US 12,343,532 B1
Artificial intelligence (AI)-based system and method for controlling operations of neuromodulation devices based on physiological parameters of users
Krishnan Chakravarthy, San Diego, CA (US)
Assigned to NXTSTIM, Inc, San Diego, CA (US)
Filed by NXTSTIM, Inc, San Diego, CA (US)
Filed on Nov. 4, 2024, as Appl. No. 18/935,853.
Claims priority of provisional application 63/612,406, filed on Dec. 20, 2023.
Int. Cl.
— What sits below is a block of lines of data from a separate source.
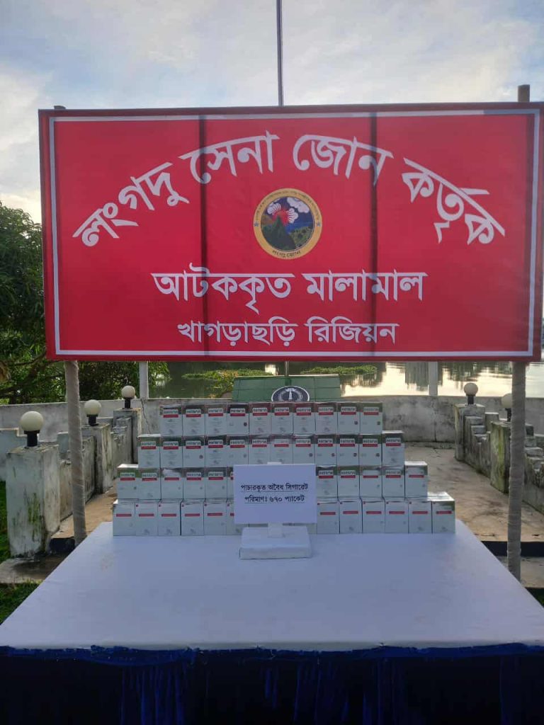 রাঙামাটির বাঘাইছড়ি উপজেলার খেদারমারা ইউনিয়নের হীরারচর ও লংগদু’র কালাপাকুইজ্জ্যার গাঁথাছড়া এলাকায় সেনাবাহিনীর বিশেষ অভিযানে বিপুল পরিমাণ ভারতীয় অবৈধ সিগারেট জব্দ করা হয়েছে। মঙ্গলবার রাতে লংগদু জোনের জোন কমান্ডার লে. কর্নেল মীর মোরশেদ, এসপিপি, পিএসসি’র নির্দেশে ভারপ্রাপ্ত উপ-অধিনায়ক মেজর রিফাত উদ্দিন লিওন ও ক্যাপ্টেন রাফিউল ইসলাম রাহাতের নেতৃত্বে সেনাবাহিনীর একটি চৌকস দল অভিযান পরিচালনা করে।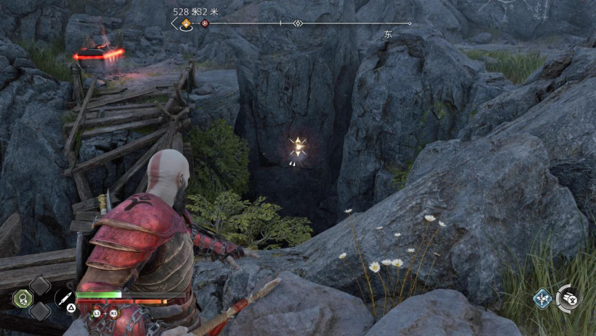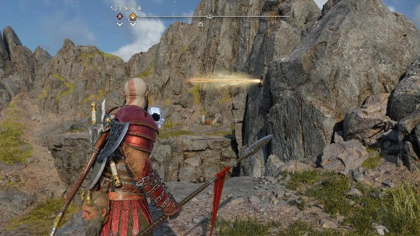 此外,玩家在完成地图解谜时,也会频繁运用到这把新武器。比如,当看到附近的石壁上存在裂纹时,投掷长矛并引爆,就可以震碎这些石壁,开辟出一条隐藏的道路。当石壁上设有特定的投掷点时,掷出的长矛又可以充当支点,帮助奎爷到达一些此前无法靠跳跃到达的平台。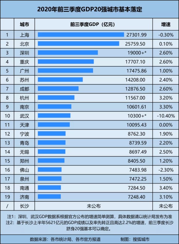 2010年--2019年59個城市常住人口增長數(shù)量排名:人口增長數(shù)量排名前20的城市中,有14個城市2019年GDP總量排名全國前20。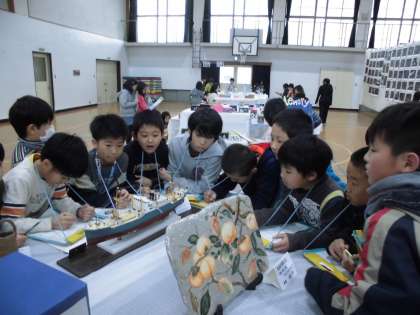 子どもたちは,船の模型の作品の精巧さに驚いていました。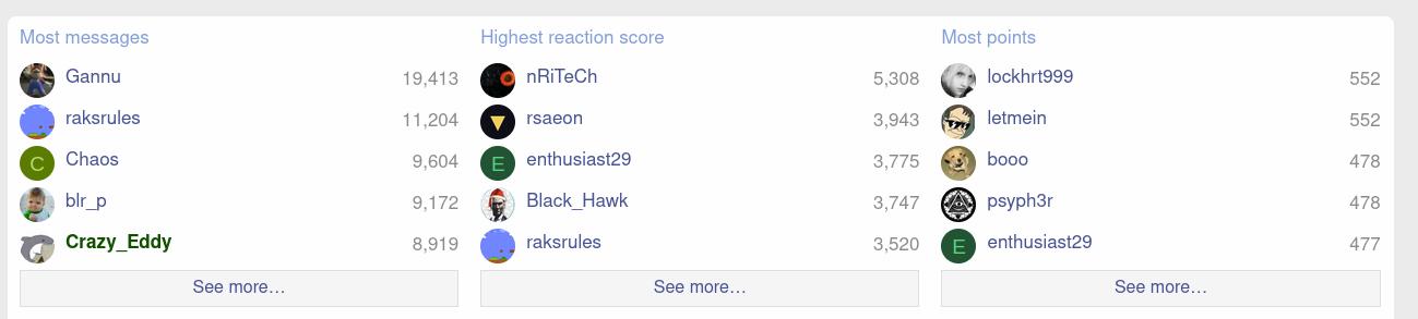 OT .There is a thread for credit /debit card help . Some way to give points or may be create a thread to acknowledge the help provide .Reward the user with some points should also be considered. regarding the ladder i would say display as stars .yellow stars for posts . Hearts for likes . Good trade repo with some other icon .You can choose the parameter/ milestones for level .Instead of skilled adept etc.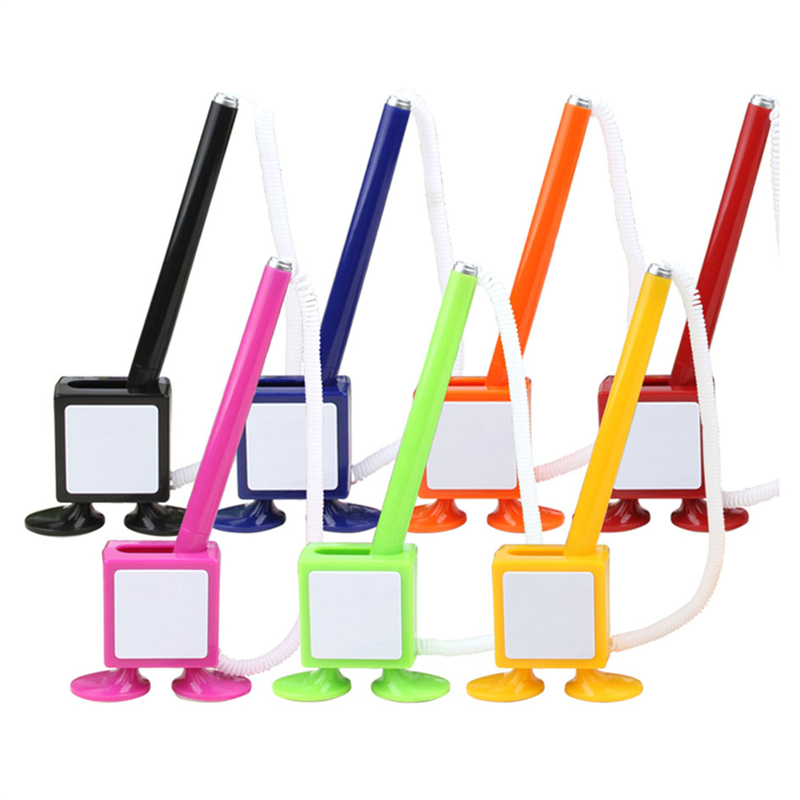 Cute ballpoint pen with a Stand. Peel-and-stick adhesive bottom allows you to glue the pen to your desk or table, so it always stays put. The quality pen is connected to the adjustable counter stand with a retractable spiral coil cord. The cord guarantees this promotional pen will never go missing! Perfect for banks, insurance companies and automotive related companies. Comes in a selection of colorful options. Your brand can be printed on the holder or the pen itself! Ink color: Black or Blue
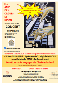 L dimanche 12 avril à 16h30, les Amis des Orgues de Dinan proposent un concert à l’Église Saint-Sauveur sur le thème » Les étonnants voyages de Chateaubriand »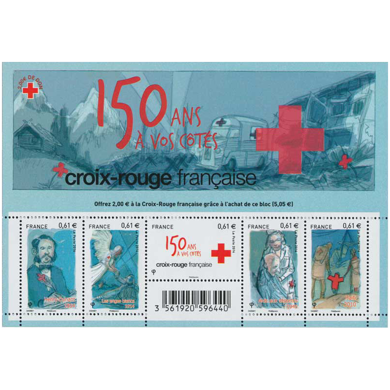 Feuillet de 5 timbres gommés émis par La Poste pour les 150 ans de la Croix-Rouge Française. Numéro Yvert : F4910 neuf** gomme d'origine intacte.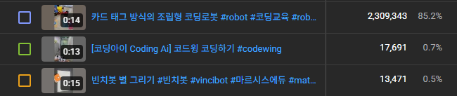 - 콘텐츠 내용: 압도적인 조회수로 1위를 차지한 주인공은 바로 '카드 태그 방식의 조립형 코딩로봇' 영상입니다. 아이들도 쉽게 따라 할 수 있는 직관적인 카드 태그 코딩 방식이 시청자분들의 눈길을 사로잡으며 무려 230만 뷰라는 대기록을 세웠습니다.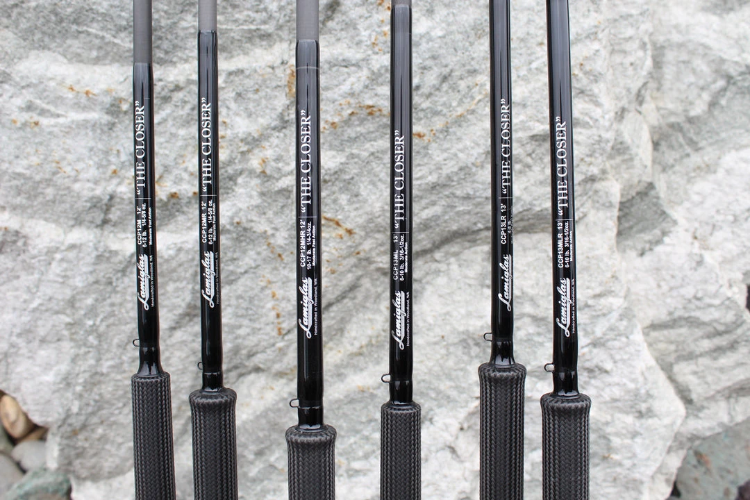 The sliding ring model of the 6-12lb rod allows full range of handle positioning on that same amazing 6-12lb blank. This rod will accommodate light & med weight floats for steelhead. Perfect mod/fast action for successful hookset with jig, bead and bait float fishing.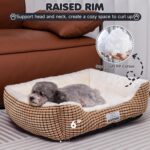 COMFORT AS PRIORITY: Supportive raised sides of the rectangular dog bed create a safe & relaxing environment to make your dog and cat curl up, have fun, provide head and neck have good support. Low leading-edge design is easy access for small and old dogs.
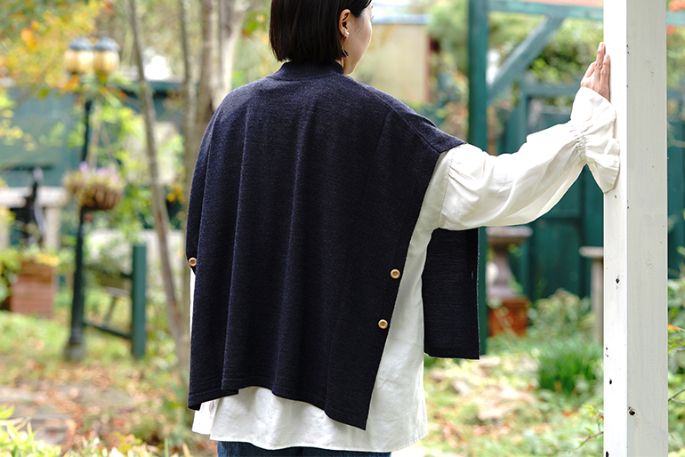 取材担当:渡邉オーストラリア産の最高級メリノウールを100%使用した、五泉ニットの「ポンチョ」。柔らかな肌触りと軽やかな着心地が魅力です。サイドのボタンで2通りの着方を楽しめますよ。カラーは3色展開!
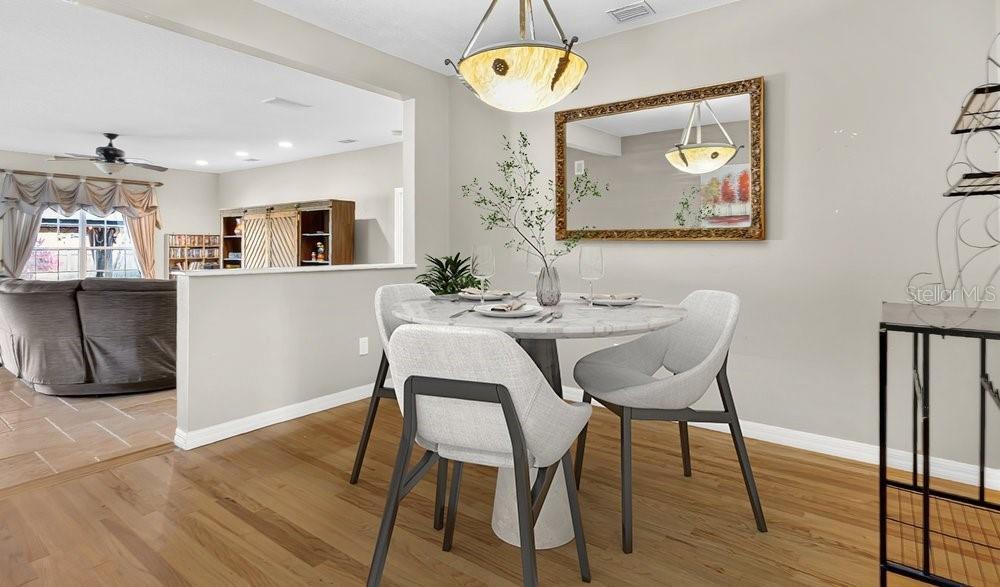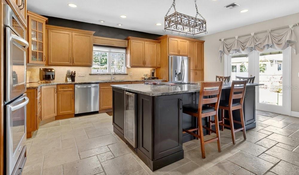 - Crown Molding, Eat-in Kitchen, Kitchen/Family Room Combo, Open Floorplan, Solid Wood Cabinets, Split Bedroom, Stone Counters

A61N 1/36 (2006.01); G16H 10/60 (2018.01); G16H 20/40 (2018.01); A61N 1/04 (2006.01)
CPC A61N 1/36031 (2017.08) [A61N 1/36034 (2017.08); G16H 10/60 (2018.01); G16H 20/40 (2018.01); A61N 1/0456 (2013.01)] 20 Claims
OG exemplary drawing
 
1. An artificial intelligence (AI)-based system for controlling operations of one or more neuromodulation devices based on one or more physiological parameters of one or more users, comprising:
one or more physiological parameters sensing endpoint devices operatively connected to each neuromodulation device of the one or more neuromodulation devices, configured to determine the one or more physiological parameters of each user of the one or more users;
a connectivity interface configured in each neuromodulation device of the one or more neuromodulation devices to operatively connect with each physiological parameters sensing endpoint device of the one or more physiological parameters sensing endpoint devices for transferring the determined one or more physiological parameters to an associated neuromodulation device of the one or more neuromodulation devices; and
one or more server devices configured with one or more server applications operatively connected to the one or more neuromodulation devices, the one or more server devices comprising:
one or more hardware processors; and
a memory unit operatively connected to the one or more hardware processors, wherein the memory unit comprises a set of computer-readable instructions in form of a plurality of subsystems, configured to be executed by the one or more hardware processors, wherein the plurality of subsystems comprises:
a data-obtaining subsystem configured to obtain at least one of: the one or more physiological parameters from the one or more neuromodulation devices and user-centric data from one or more communication devices associated with each user of one or more users;
a data-processing subsystem configured to process the obtained at least one of: the one or more physiological parameters and the user-centric data using at least one of: one or more artificial intelligence models and one or more machine learning models for deciphering at least one of: multifaceted patterns, correlations, and trends within at least one of: the one or more physiological parameters and the user-centric data;
an operational parameter generation subsystem configured to generate one or more user-centric operational parameters in each neuromodulation device of the one or more neuromodulation devices using at least one of: the one or more artificial intelligence models and the one or more machine learning models, based on the processed at least one of: the one or more physiological parameters and the user-centric data, for optimizing user-centric neuromodulation therapy preferences;
a data recommendation subsystem configured to transmit the generated one or more user-centric operational parameters to the associated neuromodulation device of the one or more neuromodulation devices for controlling operations of the one or more neuromodulation devices;
a learning module configured with an adaptive learning model to continuously optimize at least one of: the one or more artificial intelligence models and the one or more machine learning models based on analyzing real-time at least one of: the one or more physiological parameters and the user-centric data;
a survey module configured to provide a pre-defined set of queries to one or more users during at least one of: a pre-treatment phase and a post-treatment phase for obtaining at least one of: visual analog score (VAS) results, patient global impression of change (PGIC) results, Patient-Reported Outcomes Measurement Information System (PROMIS) score, Oxygen Desaturation Index (ODI), clinical trial data, and real-world data, to continuously update and optimize at least one of: the one or more artificial intelligence models and the one or more machine learning models;
a remote therapy monitoring (RTM) module configured to monitor the real-time efficacy of the neuromodulation therapy by analyzing the obtained user-centric data for generating the one or more user-centric operational parameters; and
a remote patient monitoring (RPM) module configured to analyze obtained at least one of: the one or more physiological parameters and the user-centric data in real-time for altering the one or more user-centric operational parameters in the associated neuromodulation device,
wherein the controlling operations comprise inducing electrical signals through the associated neuromodulation device of the one or more neuromodulation devices, on defined treatment areas on a body of an associated user of the one or more users based on the one or more user-centric operational parameters.